The problem also occurs on other repos, so it's not just a weird accident with a specific repo.
I decided to investigate the issue further, and after many tests, I discovered the source of the error:
The problem starts on a commit who's author name has accented characters that are encoded in a specific way.
When displaying a log where such a commit exists (even if just one), SourceTree displays all commit messages and author names with an incorrect encoding (it probably starts using the encoding of the offending commit).
I exported 2 patches to demonstrate the problem:
In the first patch excerpt, you may see the author name (Cláudio Silva) encoded as UTF-8
(this is just one line from the patch file):
From: =?UTF-8?q?Cla=CC=81udio=20Silva?= <claudio.silva@impactwave.com>
The accented A is encoded as 3 characters (a xCC x81). This commit causes no problems on SourceTree.
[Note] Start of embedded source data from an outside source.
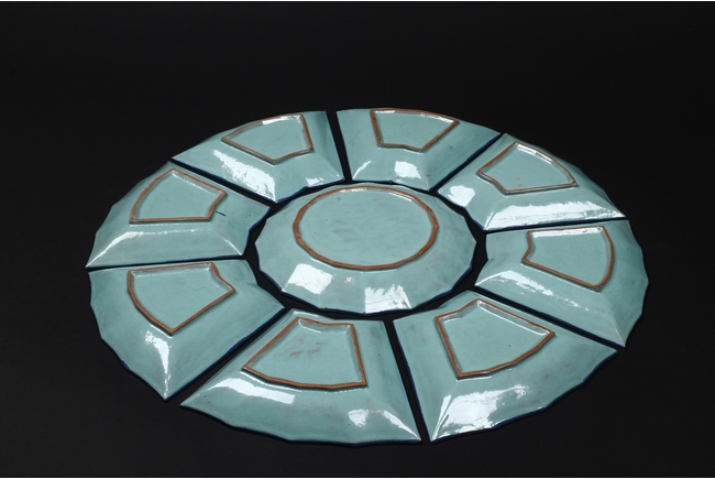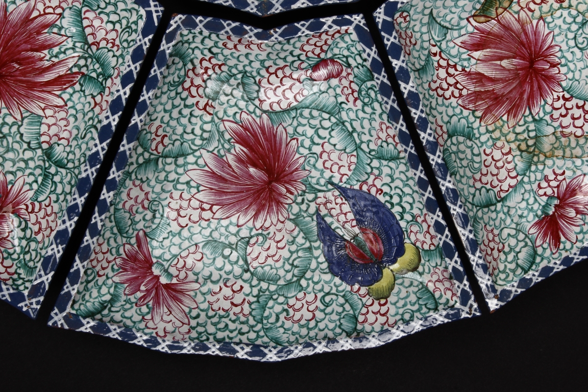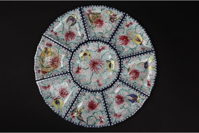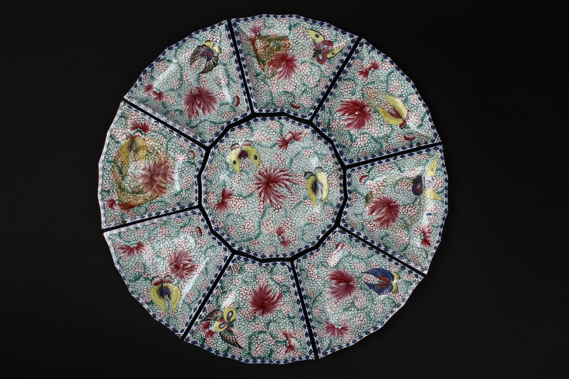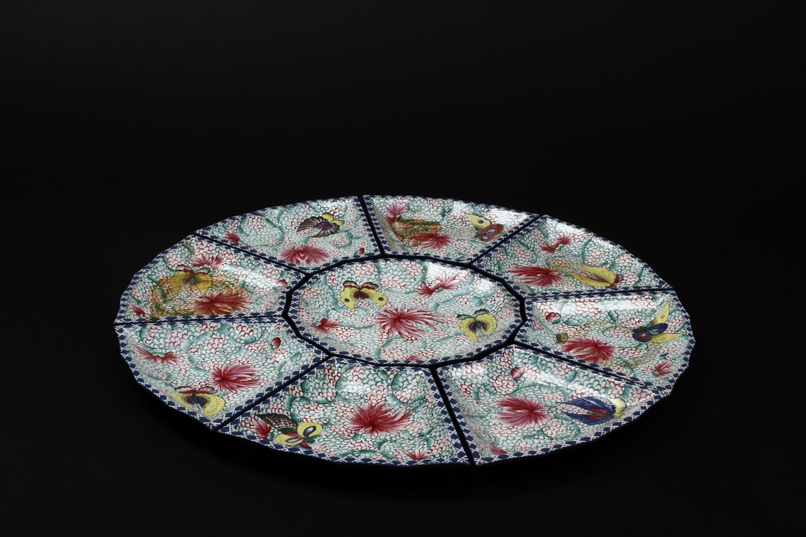 The combination dishes were made from nine separate dishes, with eight trapezoid dishes surrounding center dish, overall with sunflower floriform edges. The dishes each depict butterflies, flowers, and plants, the bottom enameled in teal glaze.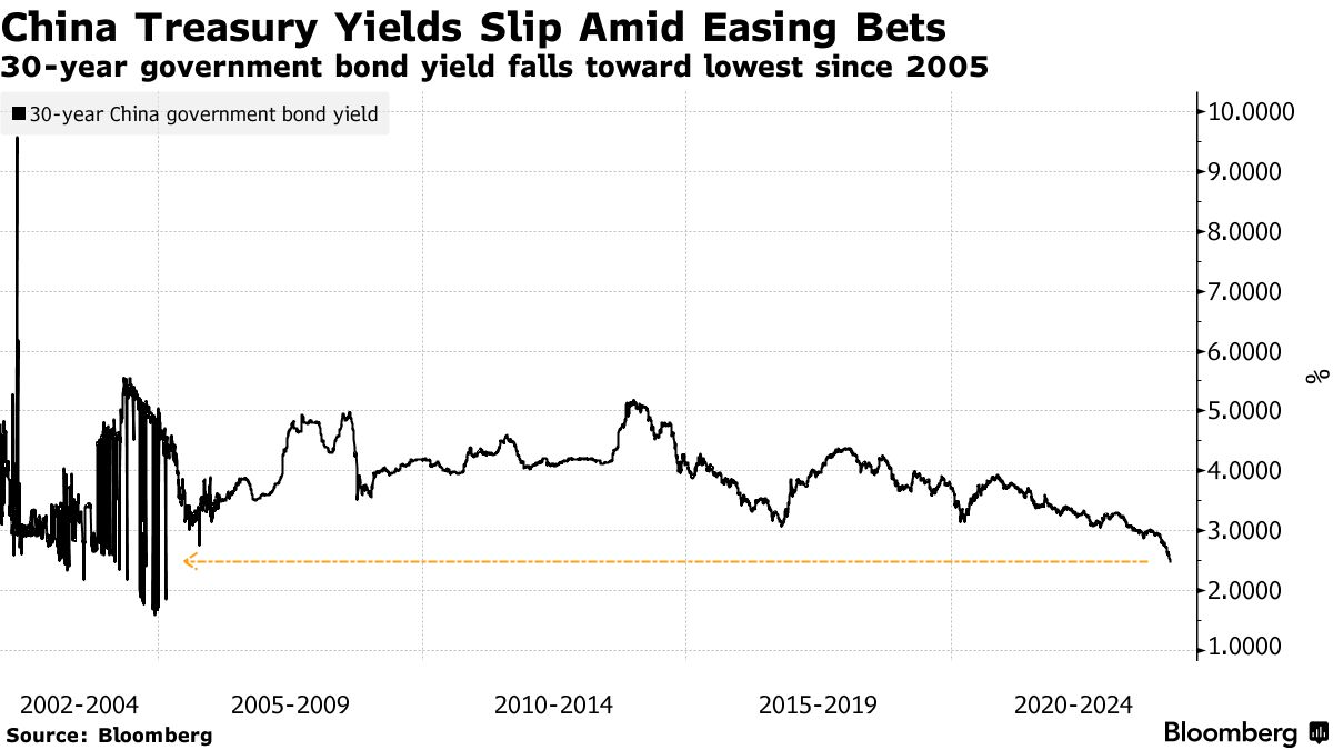根据彭博社汇编的数据,30年期政府债券的收益率连续第三天下滑,接近自2005年以来的最低水平。这一反弹发生在一个交易者权衡中国计划增加超长期主权债券发行的市场中,以及在疲弱经济背景下,中央银行进一步货币宽松的前景。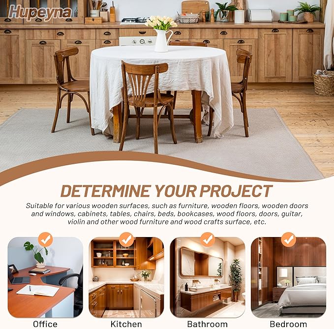 - Apply Simple Hupeyna Furniture Repair Kit: Test Hupeyna wood fillers on white paper for desired color and compare after completely dry to determine desired color. Repair wood filler putty blends easily with wood surfaces and wood touch up filler is covering minor scratches, scuffs, discoloration and stains. Apply Hupeyna wood filler kit to cracks, smooth the surface using a scraper, wipe off excess wood fillers and allow to dry.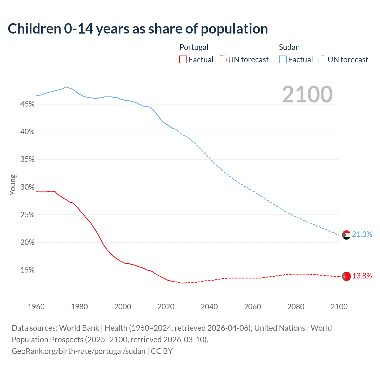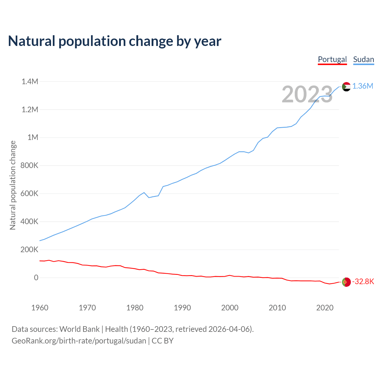 Portugal has an annual birth rate of 8.1 births per 1,000 people, compared to 33.6 for Sudan. The average number of children a woman is expected to have during her lifetime — the fertility rate, is 1.44 in Portugal and 4.32 in Sudan — 200.2% difference.

Now, here's the author name from an offending (error inducing) commit:
From: =?UTF-8?q?Cl=E1udio=20Silva?= <claudio.silva@impactwave.com>
The accented A is encoded as just 1 character (xE1). This seems to be a valid encoding for Unicode, but NOT for UTF-8 (see this: Unicode Character 'LATIN SMALL LETTER A WITH ACUTE' (U+00E1)).
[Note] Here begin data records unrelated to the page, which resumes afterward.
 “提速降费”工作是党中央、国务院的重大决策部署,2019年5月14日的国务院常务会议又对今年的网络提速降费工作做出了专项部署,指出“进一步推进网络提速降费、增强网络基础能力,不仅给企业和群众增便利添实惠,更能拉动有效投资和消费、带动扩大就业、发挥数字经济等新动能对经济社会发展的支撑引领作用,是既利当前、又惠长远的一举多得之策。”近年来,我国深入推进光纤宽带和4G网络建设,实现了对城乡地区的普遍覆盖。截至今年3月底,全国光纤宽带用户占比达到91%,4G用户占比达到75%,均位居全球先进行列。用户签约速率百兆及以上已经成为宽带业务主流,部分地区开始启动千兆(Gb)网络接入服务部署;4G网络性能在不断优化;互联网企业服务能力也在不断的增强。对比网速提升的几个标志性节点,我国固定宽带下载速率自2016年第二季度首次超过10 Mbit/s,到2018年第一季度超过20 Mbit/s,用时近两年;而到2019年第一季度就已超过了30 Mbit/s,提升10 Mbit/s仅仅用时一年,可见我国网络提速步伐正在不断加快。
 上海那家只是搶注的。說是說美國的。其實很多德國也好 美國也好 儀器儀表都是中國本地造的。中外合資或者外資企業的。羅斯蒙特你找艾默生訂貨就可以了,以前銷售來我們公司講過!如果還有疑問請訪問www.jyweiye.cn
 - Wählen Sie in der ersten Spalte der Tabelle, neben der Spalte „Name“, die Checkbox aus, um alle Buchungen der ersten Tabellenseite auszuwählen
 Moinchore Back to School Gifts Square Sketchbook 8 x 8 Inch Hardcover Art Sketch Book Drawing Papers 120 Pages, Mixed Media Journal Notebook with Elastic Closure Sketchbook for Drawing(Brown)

All it takes is just one commit with an author name encoded like this to make SourceTree go mad!...
Nevertheless, command line Git and SmartGit display the logs just fine, and are unaffected by this. At most, the incorrectly encoded characters may appear garbled, but all other text appears fine.
The problematic commit was probably created on another application (perhaps on Windows, with msysgit or with SmartGit, I don't know).
So, in conclusion, I believe making SourceTree being able to handle incorrectly encoded strings without going nuts would be a nice enhancement to the software.
May I suggest bringing up this issue to the development team?
Best regards.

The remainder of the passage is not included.